Combined use of Azolla and loach suppressed paddy weeds and increased organic rice yield: second season results

Weiguo Cheng, Miwa Takei, Chizuru Sato, Valensi Kautsar, Yuka Sasaki, Satoru Sato, Keitaro Tawaraya, Hironori Yasuda


Organic farming uses alternatives to agricultural chemicals such as synthetic fertilizers and pesticides. The primary challenge in organic rice farming is controlling weeds without using herbicides and improving rice yield without chemical fertilizers. In our previous paper entitled as combined use of Azolla and loach suppressed weed Monochoria vaginalis and increased rice yield without agrochemicals, we reported the first year rice growth season results from an in situ container experiment. The experiment was designed with 4 treatments—control (with neither Azolla nor loach), Azolla (Azolla alone), loach (loach alone), and Az+Lo (combined Azolla and loach)—with 3 replications each.
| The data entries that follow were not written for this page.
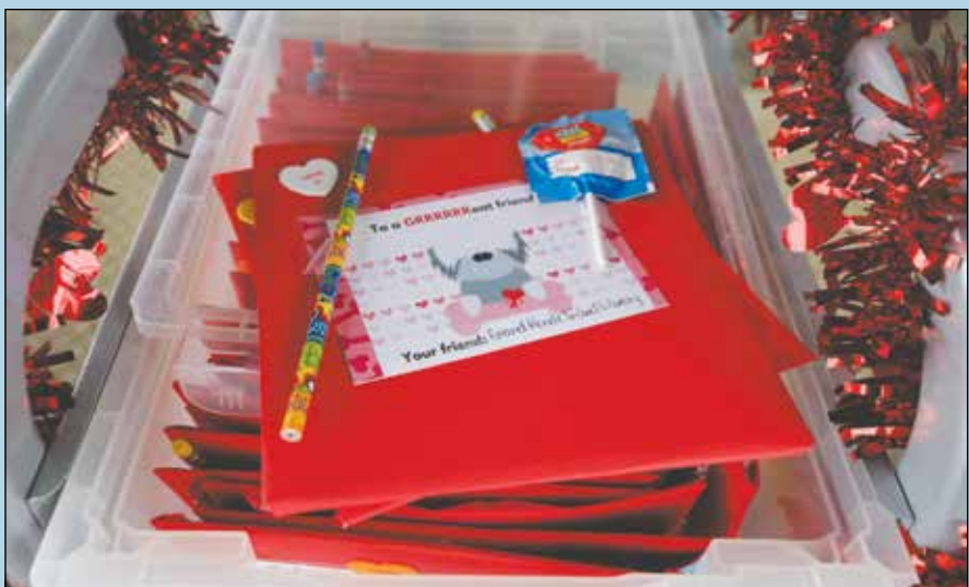
Wrapped books for children wait to be distributed.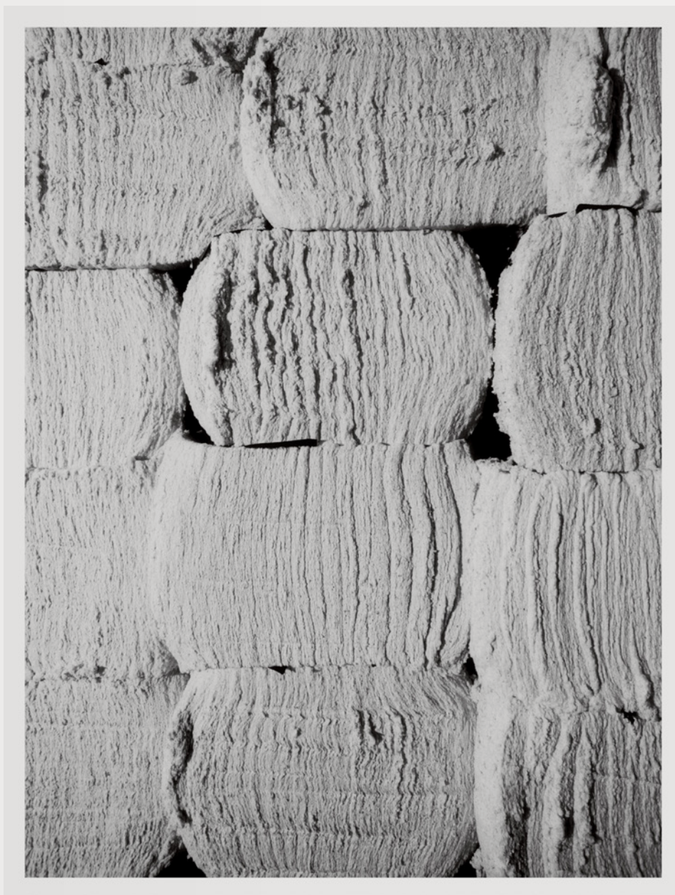
Photography by Umit Savaci, 2022

Materials alone don't make a product sustainable, but they do make up a large portion of a product's environmental impact – water use and pollution, greenhouse gas emissions and textile waste are all affected by textile choice. We use the highest quality, natural and renewable fibres available to ensure the longevity of our products, while taking into consideration their environmental and social impact when sourcing.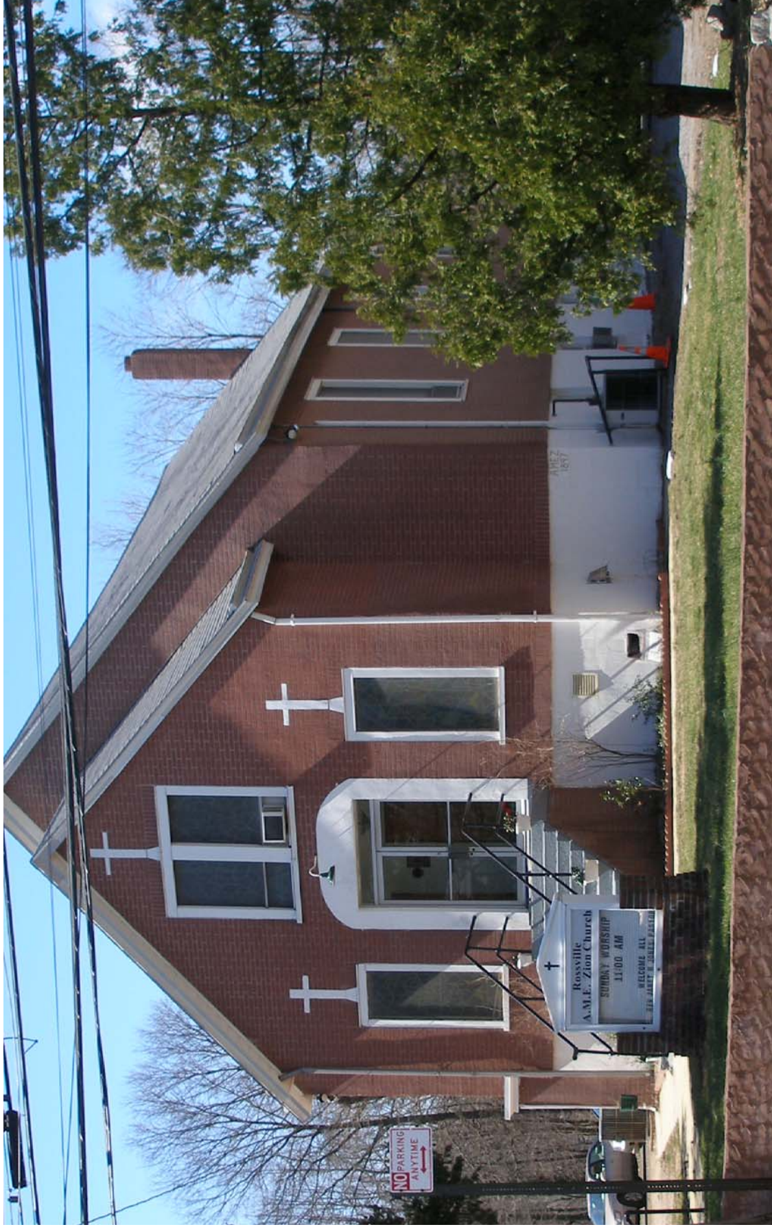
Rossville AME Zion Church 584 Bloomingdale Road, Staten Island Landmark Site: Staten Island Tax Map 7267, Lot 101 Photo: Marianne Percival, March 2010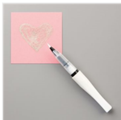
Wink Of Stella Clear Glitter Brush - 141897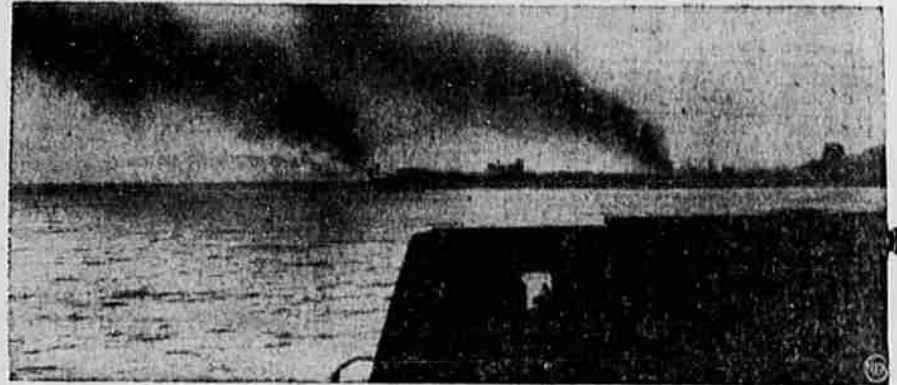
DIEPPE ABLAZE —Smoke signals the fact that their comrades have already set Dieppe ablaze as the Commandos in the invasion barge in foreground approach French coast to continue allies' greatest raid on "invasion coast."

The first year results showed that combined use of Azolla and loach was successful in weed suppression and increase in rice yield in 2012. In this paper, we report the second year results from the continuous container experiment in 2013. M.vaginalis emergences were very low in second year rice growth season on all treatments. Compared first year, the rice yields decreased in second year on all treatments due to different weather condition and with or without organic soybean oil cake application between two rice growth seasons. The second year results also showed the raising loach had a stronger effect to increase tiller and panicle numbers, and spikelet number per panicle, then improve rice yields to 2.3 times than control. The Azolla residues left from first year have weaker effect on rice growth and yield, but increase soil organic matter accumulation at second year. The two years study indicated that combined use of Azolla and loach can meet two of the greatest challenges in organic rice production: providing effective weed control and improving rice nutrition without agrochemicals.     
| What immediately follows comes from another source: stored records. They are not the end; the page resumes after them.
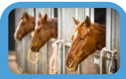
'Behind the Scenes at Godolphin' - 5<sup>th</sup> June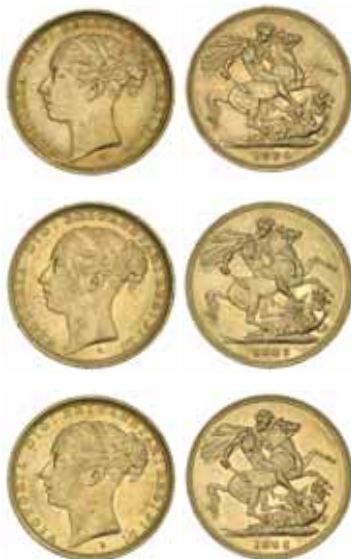
1229* Queen Victoria , 1884, 1885 and 1886 Sydney. Good extremely fine. (3)

Private purchases from Monetarium 25/11/89.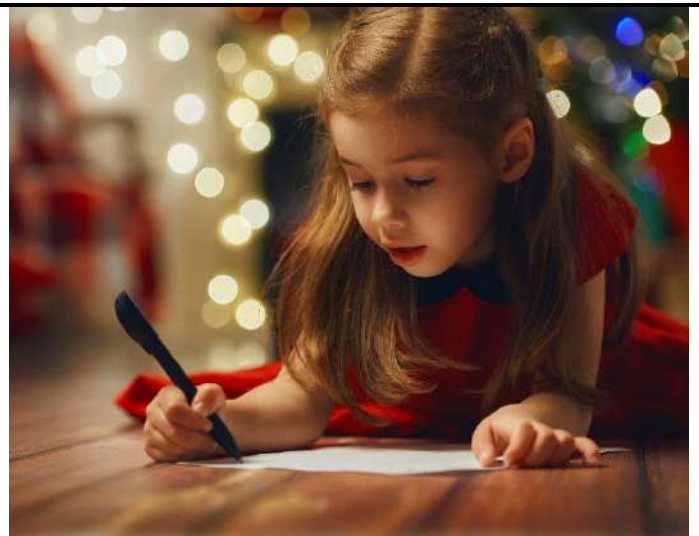
Write a Letter as your BFF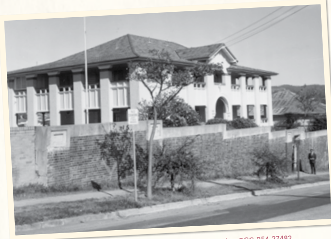
Fernberg Road – Rosalie 1967, Brisbane City Council, Image Number BCC-B54-27482

The Brothers were renowned for their focus on providing high-quality and affordable education and opened the first Marist Brothers' school in Queensland in January 1929 with 135 enrolments. At the opening ceremony, Archbishop Duhig stated: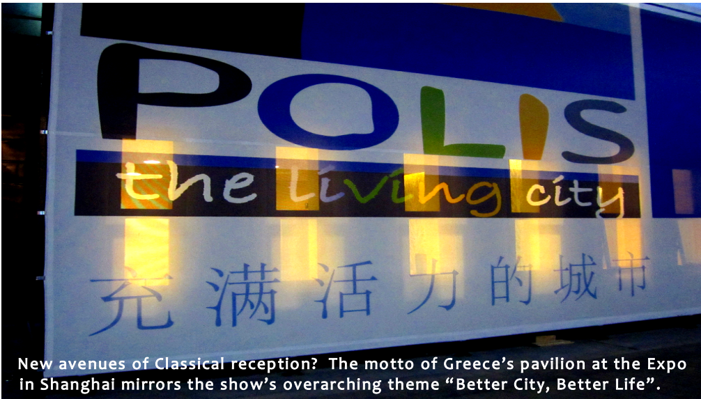
New avenues of Classical reception? The motto of Greece's pavilion at the Expo in Shanghai mirrors the show's overarching theme "Better City, Better Life".

I recently visited the Greek pavilion at the Expo in Shanghai: no marble, no classicism, no reference to antiquity. Instead, an almost naked scene: a kafenion with an olive tree and rooms of mostly black-and-white slideshows, showcasing changes in Greek city-life throughout the 20th century. That's all. It soon dawned on me that a more voluptuous display might have exceeded the budget the Greek state had assigned to its pavilion project. Or was this a deliberate decision to promote Greece as a progressive country that has so much more to offer than its ancient foundations? On my way out, I spotted the Turkish pavilion, aptly located across the street from Greece. There you have it: ancient culture in columns and capitals, celebrations of city-life in ancient Ephesus, Miletus and Constantinople, all assembled under the pavilion's forceful motto 'The Cradle of Civilization'.

Azolla; Loach; Organic farming; Rice yield; Soil organic matter

Full Text:



Biswas, M., Sultana, S., Shimozawa, H., Nakagoshi, N., 2005. Effect of Azolla species on weed emergence in a rice paddy ecosystem. Weed Biol Manag. 5, 176–183.

Brown, M.E., Funk, C.C., 2008. Food security under climate change. Science 319, 580–581.

Cheng, W., Sakai, H., Yagi, K., Hasegawa, T. 2009. Interactions of elevated [CO2] and night temperature on rice growth and yield. Agr Forest Meteorol. 149, 51–58.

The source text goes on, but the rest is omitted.